Age: 39
Job Title: Pediatric Neurologist, Peak Medical Group
John Neilson was kind of a weird kid. “I was drawn to things that typically kids would shy away from, like getting my blood drawn or going to the dentist,” he says. “There was never any pull back from things that make kids squeamish, like broken bones or bloody noses.”
He wasn’t drawn to the gore, or pain — he was drawn to the medical procedures and complexity of the human body. He didn’t know it yet, but four-year-old Neilson wanted to be a doctor. And there’s no more complex medical task than treating the human brain.

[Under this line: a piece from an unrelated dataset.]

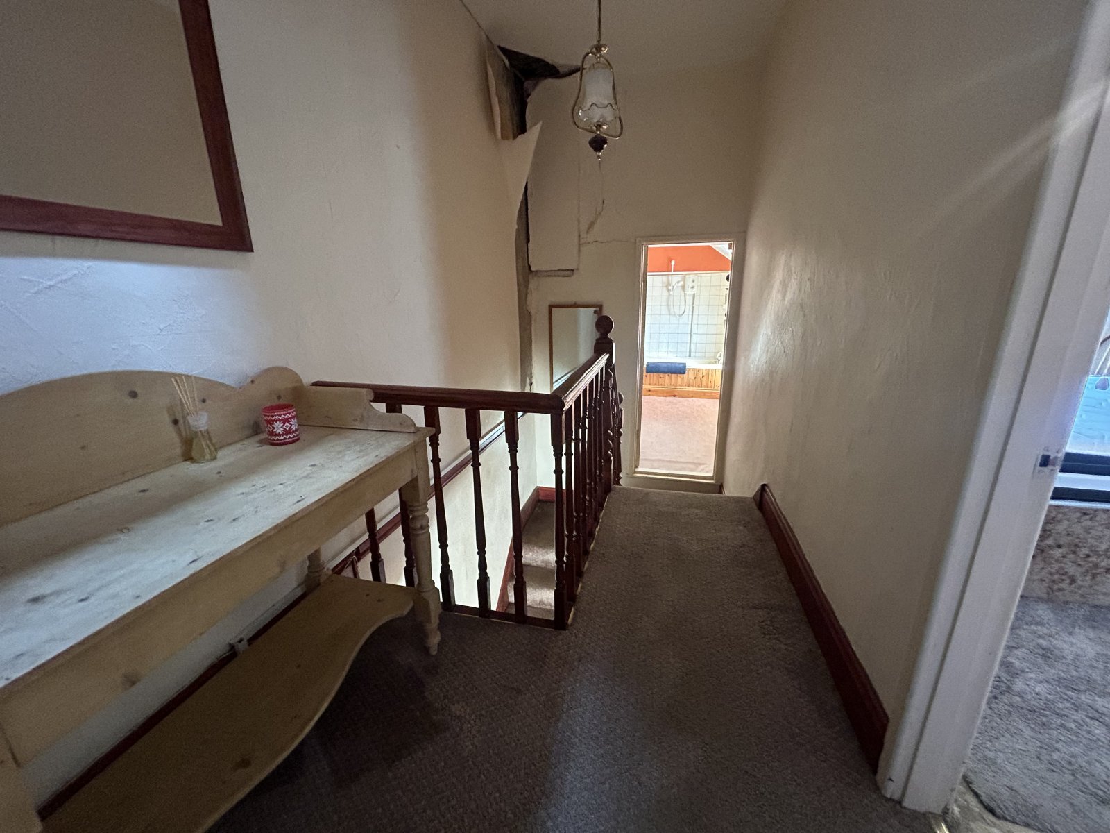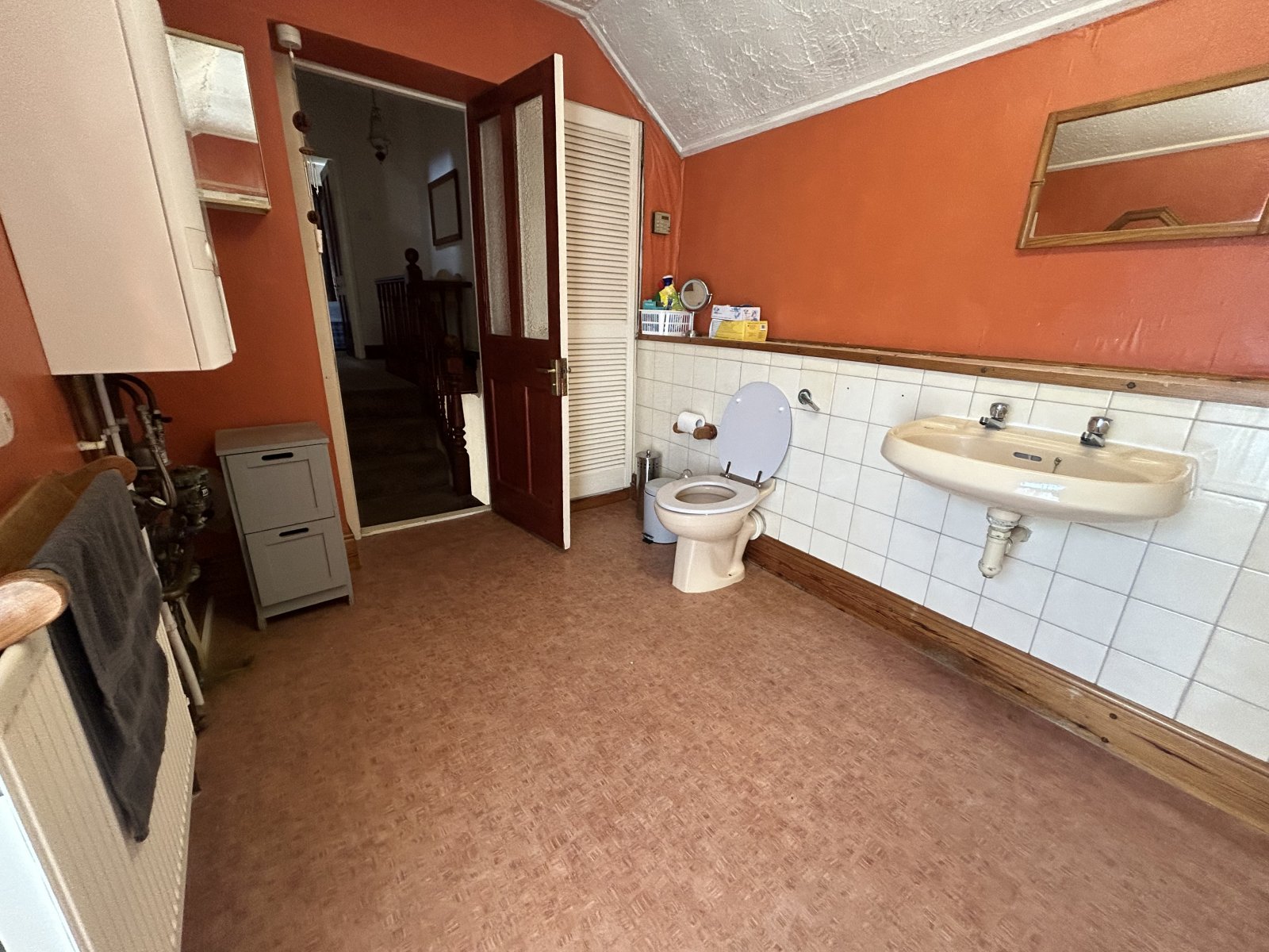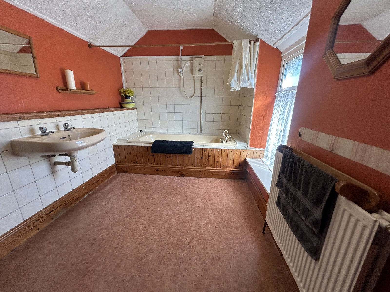 Upstairs, there are two well-proportioned bedrooms, each offering flexibility for various layouts. The family bathroom is also located on this floor and, like the rest of the property, presents an opportunity for renovation to suit individual preferences.

“Nothing happens in the body without the nervous system,” Neilson says. “It’s who you are, and it directs every other organ system.”
Exploring neurology’s ever-expanding horizon is a lofty goal. Incorporating a business and taking out a loan to start your own practice — prior to graduation — is literally unheard of, at least in Canada.
Some of his colleagues were skeptical he could see enough patients to pay back his loan, but seeing a larger-than-usual number of patients was part of the point. “With neurology patients, you’re either at death’s door and need to be seen right away, or you’re like 99 per cent of people with neurologic conditions and have to wait years to be seen. I want to see the 99 per cent today.”
Five years since opening, hundreds of kids with migraines, behavioural issues, autism, Tourette’s, ADHD and other neurological conditions want to see him, too.